* **RECORDS TO USE**

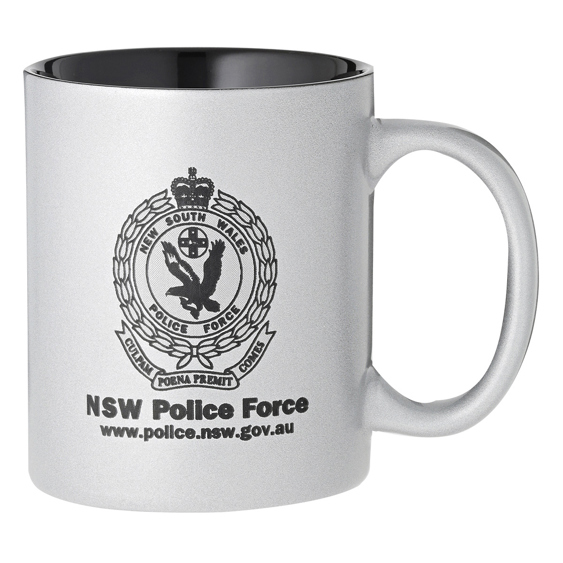 Silver ceramic coffee mug perfect for laser engraving for your text and logo requirements. Standard 325ml design. Silver outer coating and black engraving. A brilliant alternative for an award or trophy for your company or organisation.
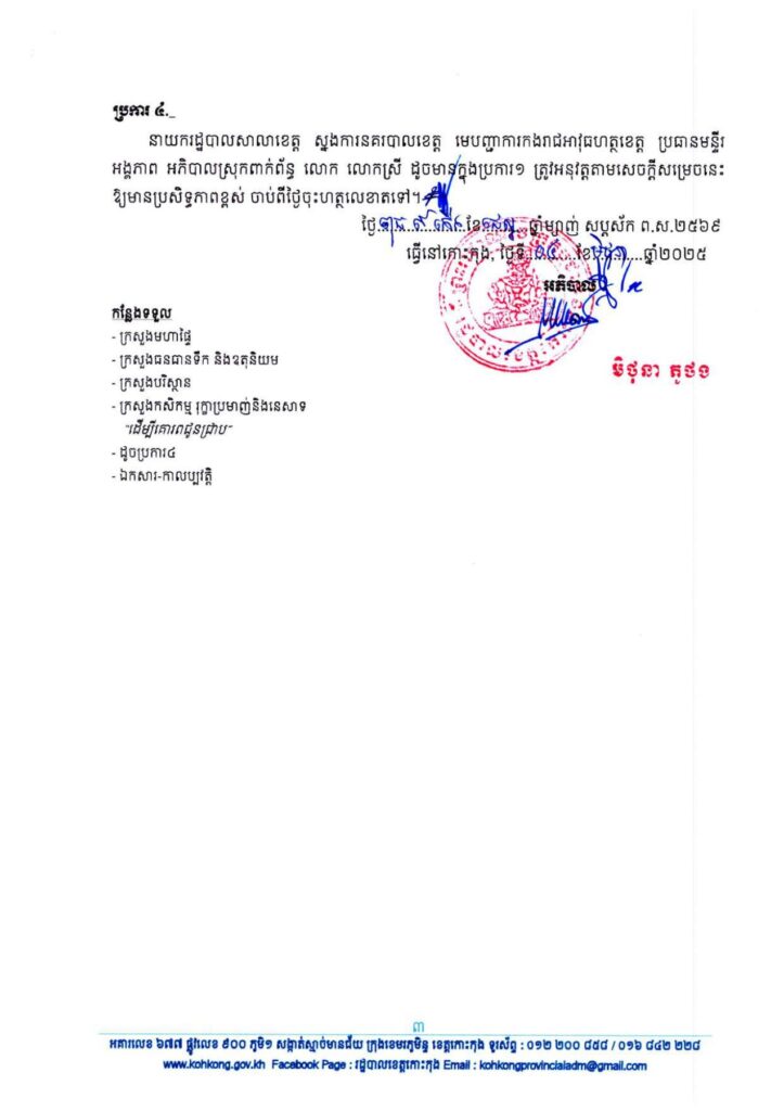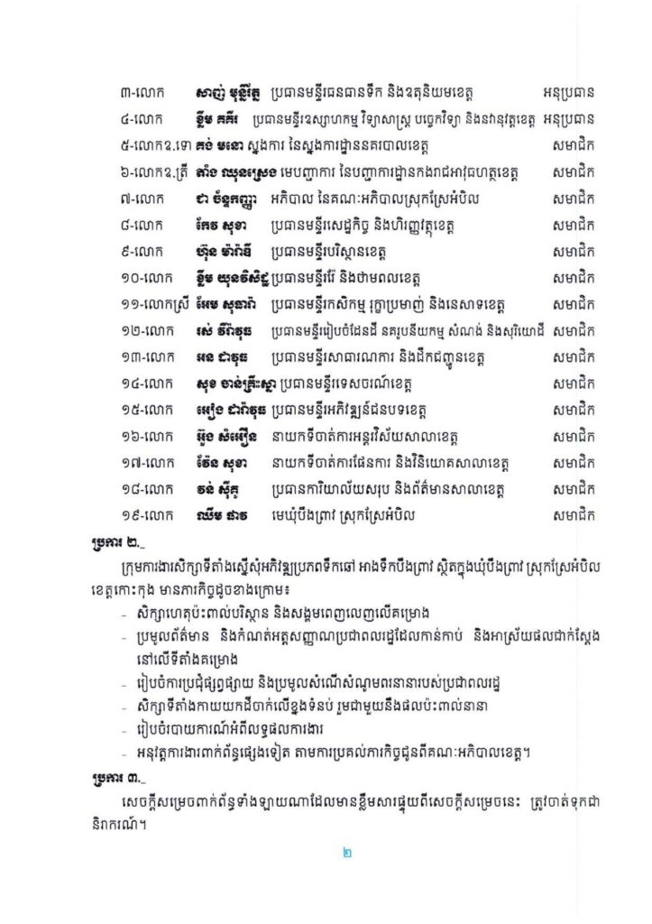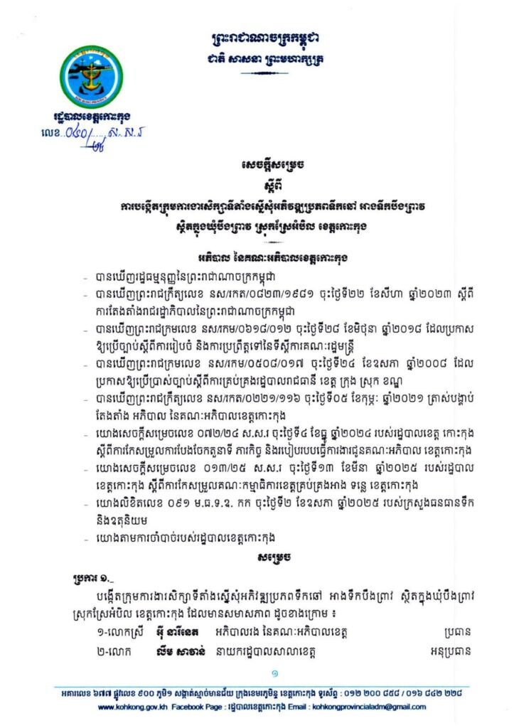 សេចក្តីសម្រេច ស្តីពីការបង្កើតក្រុមការងារសិក្សាទីតាំងស្នើសុំអភិវឌ្ឍប្រភពទឹកនៅ អាងទឹកបឹងព្រាវ ស្ថិតក្នុងឃុំបឹងព្រាវ ស្រុកស្រែអំបិល ខេត្តកោះកុង
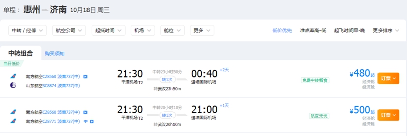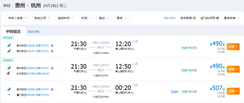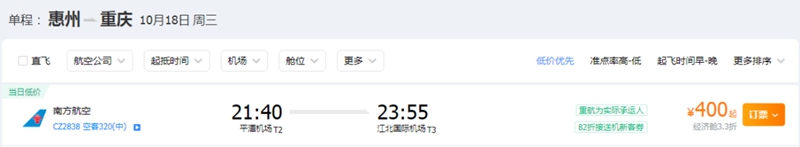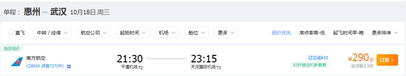 攜程數據顯示,國慶后至10月底的國內機票含稅均價為702元,較國慶期間國內機票均價1028元下降46%。在攜程機票低價榜可以看到許多近期一兩百元的特價機票:10月17日北京去西安的機票220元起;10月17日深圳去杭州的機票200元起。
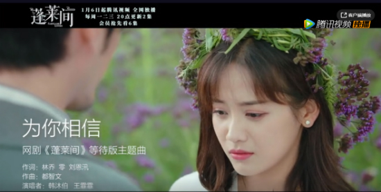 近日,由王奕丁执导,白宇、郑湫泓、季肖冰、陈意涵、李明德等主演的都市爱情剧《蓬莱间》在腾讯视频热播,该剧等待版主题曲《为你相信》由北京现代音乐研修学院毕业生、流行乐男歌手韩沐伯与青年女歌手王霏霏共同演唱,目前该歌曲MV已经上线。
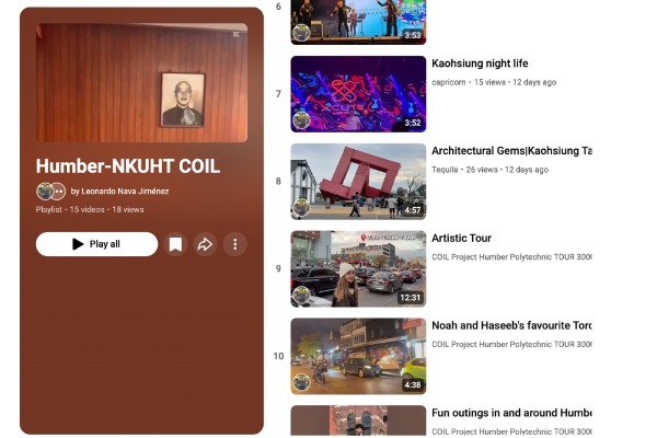 Throughout the fall semester, students in the business degree elective TOUR3000: International and Canadian Tourism, taught by Professor Anke Föller-Carroll, collaborated with students from Humber Polytechnic’s partner institution, National Kaohsiung University of Hospitality and Tourism (NKUHT), as part of a Collaborative International Online Learning (COIL) experience. The NKUHT cohort was led by Professor Leonardo Nava Jiménez.
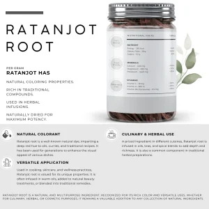 27,50 د.إ – 101,25 د.إPrice range: 27,50 د.إ through 101,25 د.إWhole roots of Alkanna tinctoria (Ratanjot) Deep reddish hue with earthy aroma Used in traditional herbal blends, natural dyes, and wellness preparations -
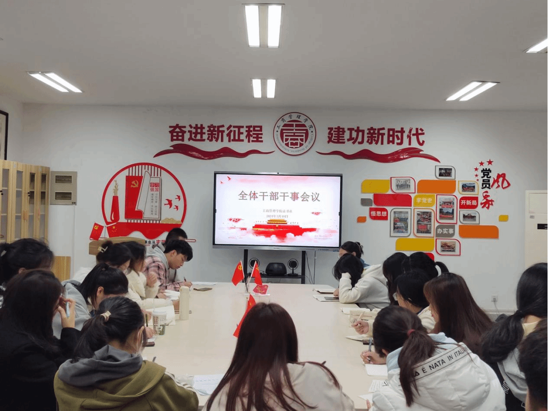 3月18日晚,世界杯体育官方网站读书社于党员活动室召开全体干部干事会议暨开展“学习贯彻全国两会精神,凝聚奋进力量”专题学习会,读书社全体干部干事参与本次会议。

* **WORK REQUEST**
Retype, exactly and with no pictures, everything above from the line with "近日,由王奕丁执导,白宇、郑" down to the line with "Throughout the fall", both included.

* **ANSWER AREA**
 近日,由王奕丁执导,白宇、郑湫泓、季肖冰、陈意涵、李明德等主演的都市爱情剧《蓬莱间》在腾讯视频热播,该剧等待版主题曲《为你相信》由北京现代音乐研修学院毕业生、流行乐男歌手韩沐伯与青年女歌手王霏霏共同演唱,目前该歌曲MV已经上线。
 Throughout the fall semester, students in the business degree elective TOUR3000: International and Canadian Tourism, taught by Professor Anke Föller-Carroll, collaborated with students from Humber Polytechnic’s partner institution, National Kaohsiung University of Hospitality and Tourism (NKUHT), as part of a Collaborative International Online Learning (COIL) experience. The NKUHT cohort was led by Professor Leonardo Nava Jiménez.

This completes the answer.